The fault of the Church is in taking a particular personality type as virtue, not recognizing that this kind of character is morally neutral and can be directed to good or ill, and maybe even more than that, failing to recognize that lacking this kind of character isn't in and of itself a moral defect.

Larry Hamelin said...

I don't think all liberals are wimps. I'm pretty far left, an no one ever accuses me of wimpiness. And, amusingly enough, those that accuse me of over-aggression tend to be (with some exceptions) conservative Christians and Muslims.

Also look at, for instance, Arthur Silber, Dennis Perrin, and The Rude Pundit.

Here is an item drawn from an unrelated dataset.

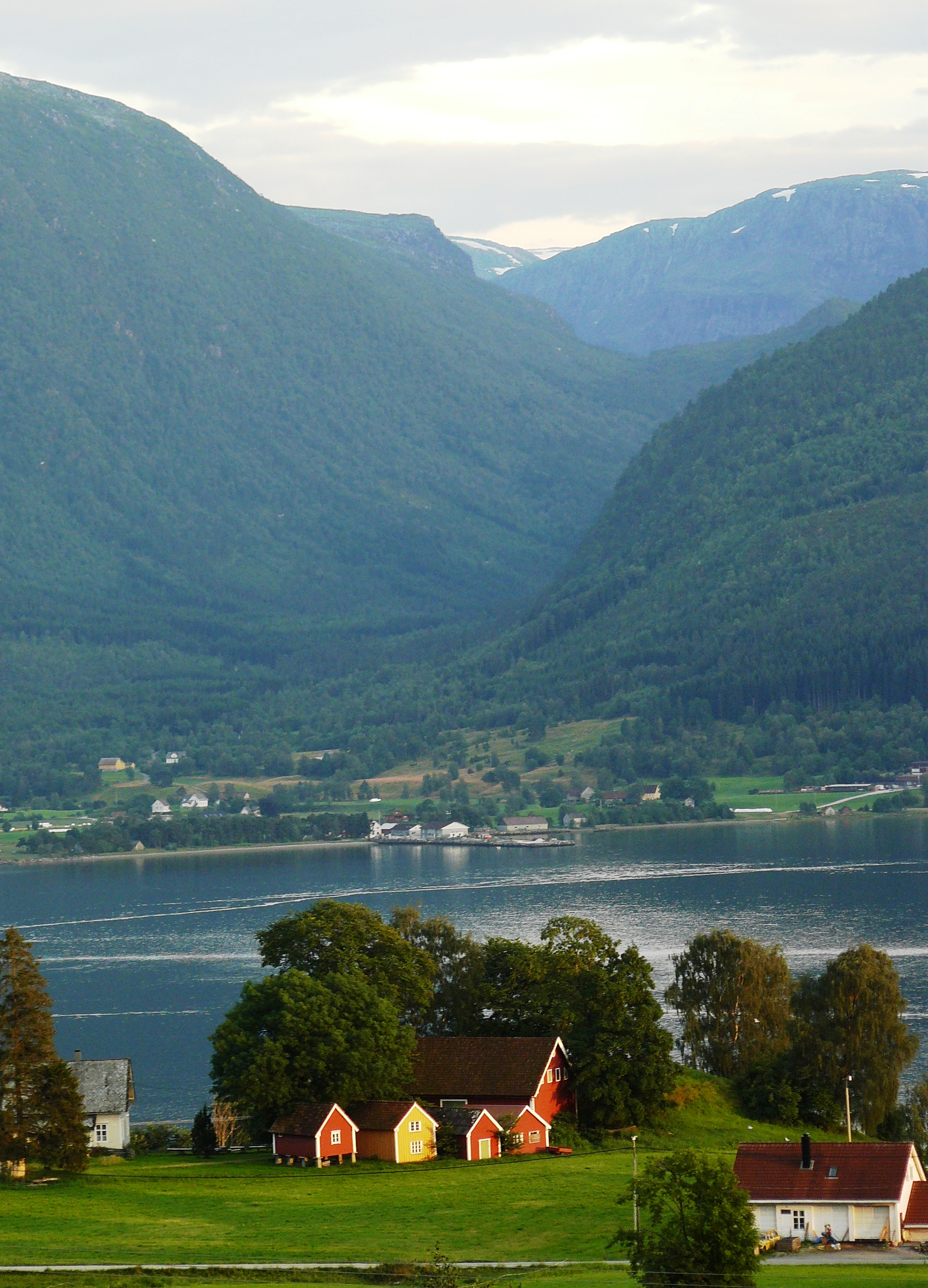 Karnilsfarm & Fitje mountaingap in Gloppen, Norway where solstice occure.jpg

I would definitely agree that there's a thread of wimpiness in the vast agglomerate we call "liberalism", but that's because many people are in fact wimps, and wimps are attracted to liberalism. However, I think the notion that liberalism and leftism is wimpy by definition is as much an artifact of right-wing propaganda as it is a real truth.

Ophelia Benson said...

No actually I agree with you, H.E., when you put it that way. I got the impression from the post that you had in mind people who more or less forced concern on people whether they wanted it or not, rather than people who did useful generous demanding things that other people (including me) don't want to do.

Elentar said...

H.E., you mentioned that slightly less nice strategies beat out Tit for Tat? I'd heard that the current winner overall was Tit for Tat with recovery, which is actually a slightly nicer strategy. Another strategy was able to recognize itself, establish master-slave pairs, and slightly edge out various versions of Tit for Tat, but this seems somewhat like cheating; who really wants to be a slave?

Anonymous said...

It's a different version of Ossama bin Laden's famous statement that "when people see a strong horse and a weak horse, by nature, they will like the strong horse."

Unknown said...

elentar, I haven't followed the literature much recently. I just vaguely remember that Tit for Two Tats, which was even nicer than tit for tat got beat up and subsequently that there were nastier strategies that beat up Tit for Tat--might have been the master-slave strategy. I should poke around a little more.